Dr. Jürgen Jasperneite: Right from the start, the discussion has been about the hope or fear that new business models could disrupt and change markets. What surprises me is that very few creative approaches can be identified to date, apart from in condition monitoring. Of course, everyone has the idea floating around in their heads that someone coming from an industry other than mechanical engineering is butting in between OEMs and customers with some algorithms and a platform. But this fear is also good – because it is management’s task to observe these types of risks at all times.
What role will component manufacturers play in the future?
Dr. Jürgen Jasperneite: I’ve got good news: Cyber-physical systems always have physical, concrete components. We will continue to need sensors and actuators in the future. They just have to be able to communicate and be capable of being integrated into IT systems. We’re not just talking about Ethernet or OPC UA, but about a higher, abstract form of communication. Components must be able to notify “who and where am I, what I am capable of, what and how am I doing”. IT on the other hand has to take this information and create a meaningful package out of it, not just within but also outside of process control.
Every component must be able to be uniquely identified electronically and will communicate over its entire life cycle. With the Smart Pneumatics Monitor, AVENTICS is heading in the right direction. Currently, committees are working to develop architectural models that are also relevant for components and ensure interoperability between products of different makes.
Does that mean users should wait for binding standards?
Dr. Jürgen Jasperneite: We need standards, but if we first want to standardize the entire world, we’ll have to wait twenty years before anything happens at all. It would make much more sense to combine existing standards in a way that leaves little uncovered area. As I always say, “Don’t wait, start now.” Just start out taking small, reasonable steps.
What do small, reasonable steps look like?
Dr. Jürgen Jasperneite: Currently, for example, manufacturing companies have a high demand for solutions for assisted assembly. Users want to minimize fault rates as well as reduce training required for varying assembly. To date, usually paper instructions are still used. Digitalization isn’t about simply converting this information from paper to digital media, but creating added value with intelligent assistance systems. Users can experiment with the Internet of Things – testing digital assistance systems, either parallel to existing stations, or integrated, and can measure the advantages. They can involve their employees and only have to implement solutions that benefit them.

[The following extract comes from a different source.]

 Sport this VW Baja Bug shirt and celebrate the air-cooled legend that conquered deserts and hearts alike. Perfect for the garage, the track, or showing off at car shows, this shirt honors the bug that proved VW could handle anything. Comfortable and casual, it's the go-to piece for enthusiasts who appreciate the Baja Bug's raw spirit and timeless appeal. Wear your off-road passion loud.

What role does the SmartFactoryOWL in Lemgo play?
Dr. Jürgen Jasperneite: We consider ourselves the connecting link between research and education on the one hand, and company environments on the other. With our SmartFactoryOWL “Centrum Industrial IT” research and development center, we fulfil four tasks as a neutral third party: We provide information on the Internet of Things. In our SmartFactory, we demonstrate the opportunities and potentials presented by digitalization based on concrete automation solutions. For companies, we qualify employees at different levels and support them in planning and implementing digital production processes. The Internet of Things begins with small, reasonable steps.

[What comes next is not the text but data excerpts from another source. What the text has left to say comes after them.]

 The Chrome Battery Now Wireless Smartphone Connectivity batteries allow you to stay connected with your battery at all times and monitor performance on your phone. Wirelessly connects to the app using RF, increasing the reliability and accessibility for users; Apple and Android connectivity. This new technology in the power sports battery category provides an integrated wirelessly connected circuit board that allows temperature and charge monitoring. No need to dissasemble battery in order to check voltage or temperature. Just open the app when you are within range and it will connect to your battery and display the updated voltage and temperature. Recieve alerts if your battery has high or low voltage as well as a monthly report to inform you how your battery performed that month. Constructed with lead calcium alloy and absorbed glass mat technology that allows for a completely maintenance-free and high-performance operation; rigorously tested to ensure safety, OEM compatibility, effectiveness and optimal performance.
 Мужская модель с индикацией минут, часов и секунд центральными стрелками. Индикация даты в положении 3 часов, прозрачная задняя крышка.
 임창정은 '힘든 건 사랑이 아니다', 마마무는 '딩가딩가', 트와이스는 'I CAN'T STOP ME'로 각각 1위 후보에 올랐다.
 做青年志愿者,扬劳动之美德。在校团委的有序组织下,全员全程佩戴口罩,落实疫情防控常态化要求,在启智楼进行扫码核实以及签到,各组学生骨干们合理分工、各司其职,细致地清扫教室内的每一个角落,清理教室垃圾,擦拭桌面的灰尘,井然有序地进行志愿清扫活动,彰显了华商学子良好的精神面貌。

Dr. Jürgen Jasperneite is the head of the research institute for industrial information technology (inIT) at the OWL University of Applied Sciences in Lemgo, Germany, where he is responsible for computer networks in the electrical engineering and computer engineering department. He is also head of the Fraunhofer Application Center for Industrial Automation (IOSBINA) in Lemgo. Prof. Jasperneite is one of the initiators of the Centrum Industrial IT (CIIT), the first science-to-business center in the area of industrial automation in Germany. He also initiated and conceptualized the setup of a research and demonstration factory for IoT technology on the Innovation Campus Lemgo with the SmartFactoryOWL.